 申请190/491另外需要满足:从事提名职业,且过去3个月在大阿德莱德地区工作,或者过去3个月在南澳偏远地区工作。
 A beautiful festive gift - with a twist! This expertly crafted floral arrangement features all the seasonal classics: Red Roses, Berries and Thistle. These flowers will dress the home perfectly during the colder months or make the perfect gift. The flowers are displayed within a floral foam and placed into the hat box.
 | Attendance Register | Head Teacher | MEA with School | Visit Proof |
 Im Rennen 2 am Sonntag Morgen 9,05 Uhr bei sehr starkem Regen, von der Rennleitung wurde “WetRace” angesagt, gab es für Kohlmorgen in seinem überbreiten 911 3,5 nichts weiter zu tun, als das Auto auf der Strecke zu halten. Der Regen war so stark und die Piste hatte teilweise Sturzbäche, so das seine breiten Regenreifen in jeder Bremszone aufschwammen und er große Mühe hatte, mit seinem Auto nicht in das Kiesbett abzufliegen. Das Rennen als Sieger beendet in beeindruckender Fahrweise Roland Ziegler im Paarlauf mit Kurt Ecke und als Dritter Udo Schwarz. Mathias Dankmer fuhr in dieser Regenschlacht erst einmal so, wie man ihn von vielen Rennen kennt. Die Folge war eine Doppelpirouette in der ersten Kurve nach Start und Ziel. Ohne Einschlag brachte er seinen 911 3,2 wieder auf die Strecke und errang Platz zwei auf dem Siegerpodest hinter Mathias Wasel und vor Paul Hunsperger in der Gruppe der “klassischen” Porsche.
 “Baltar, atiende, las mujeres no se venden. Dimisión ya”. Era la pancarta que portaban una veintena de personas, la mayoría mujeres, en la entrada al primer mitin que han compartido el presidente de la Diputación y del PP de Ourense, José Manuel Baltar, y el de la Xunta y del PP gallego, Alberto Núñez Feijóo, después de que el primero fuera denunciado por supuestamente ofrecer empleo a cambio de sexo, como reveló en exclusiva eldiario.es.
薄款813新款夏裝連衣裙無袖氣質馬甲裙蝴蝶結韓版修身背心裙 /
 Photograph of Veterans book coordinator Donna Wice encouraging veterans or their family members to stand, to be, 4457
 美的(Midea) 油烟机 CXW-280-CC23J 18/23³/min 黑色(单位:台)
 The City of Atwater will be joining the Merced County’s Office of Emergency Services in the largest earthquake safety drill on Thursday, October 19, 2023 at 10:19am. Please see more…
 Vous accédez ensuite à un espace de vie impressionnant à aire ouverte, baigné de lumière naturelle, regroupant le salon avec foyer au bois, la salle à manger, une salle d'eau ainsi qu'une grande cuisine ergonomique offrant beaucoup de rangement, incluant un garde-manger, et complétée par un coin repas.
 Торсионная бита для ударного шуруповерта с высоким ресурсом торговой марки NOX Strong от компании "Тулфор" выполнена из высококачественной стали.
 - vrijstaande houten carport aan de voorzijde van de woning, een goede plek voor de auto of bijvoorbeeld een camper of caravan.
※
▶ [ACTION ITEM]: When you reach the end of the listing, print it again in full, exactly as given.

▶ [SOLUTION FOR THIS TASK]:
 申请190/491另外需要满足:从事提名职业,且过去3个月在大阿德莱德地区工作,或者过去3个月在南澳偏远地区工作。
 A beautiful festive gift - with a twist! This expertly crafted floral arrangement features all the seasonal classics: Red Roses, Berries and Thistle. These flowers will dress the home perfectly during the colder months or make the perfect gift. The flowers are displayed within a floral foam and placed into the hat box.
 | Attendance Register | Head Teacher | MEA with School | Visit Proof |
 Im Rennen 2 am Sonntag Morgen 9,05 Uhr bei sehr starkem Regen, von der Rennleitung wurde “WetRace” angesagt, gab es für Kohlmorgen in seinem überbreiten 911 3,5 nichts weiter zu tun, als das Auto auf der Strecke zu halten. Der Regen war so stark und die Piste hatte teilweise Sturzbäche, so das seine breiten Regenreifen in jeder Bremszone aufschwammen und er große Mühe hatte, mit seinem Auto nicht in das Kiesbett abzufliegen. Das Rennen als Sieger beendet in beeindruckender Fahrweise Roland Ziegler im Paarlauf mit Kurt Ecke und als Dritter Udo Schwarz. Mathias Dankmer fuhr in dieser Regenschlacht erst einmal so, wie man ihn von vielen Rennen kennt. Die Folge war eine Doppelpirouette in der ersten Kurve nach Start und Ziel. Ohne Einschlag brachte er seinen 911 3,2 wieder auf die Strecke und errang Platz zwei auf dem Siegerpodest hinter Mathias Wasel und vor Paul Hunsperger in der Gruppe der “klassischen” Porsche.
 “Baltar, atiende, las mujeres no se venden. Dimisión ya”. Era la pancarta que portaban una veintena de personas, la mayoría mujeres, en la entrada al primer mitin que han compartido el presidente de la Diputación y del PP de Ourense, José Manuel Baltar, y el de la Xunta y del PP gallego, Alberto Núñez Feijóo, después de que el primero fuera denunciado por supuestamente ofrecer empleo a cambio de sexo, como reveló en exclusiva eldiario.es.
薄款813新款夏裝連衣裙無袖氣質馬甲裙蝴蝶結韓版修身背心裙 /
 Photograph of Veterans book coordinator Donna Wice encouraging veterans or their family members to stand, to be, 4457
 美的(Midea) 油烟机 CXW-280-CC23J 18/23³/min 黑色(单位:台)
 The City of Atwater will be joining the Merced County’s Office of Emergency Services in the largest earthquake safety drill on Thursday, October 19, 2023 at 10:19am. Please see more…
 Vous accédez ensuite à un espace de vie impressionnant à aire ouverte, baigné de lumière naturelle, regroupant le salon avec foyer au bois, la salle à manger, une salle d'eau ainsi qu'une grande cuisine ergonomique offrant beaucoup de rangement, incluant un garde-manger, et complétée par un coin repas.
 Торсионная бита для ударного шуруповерта с высоким ресурсом торговой марки NOX Strong от компании "Тулфор" выполнена из высококачественной стали.
 - vrijstaande houten carport aan de voorzijde van de woning, een goede plek voor de auto of bijvoorbeeld een camper of caravan.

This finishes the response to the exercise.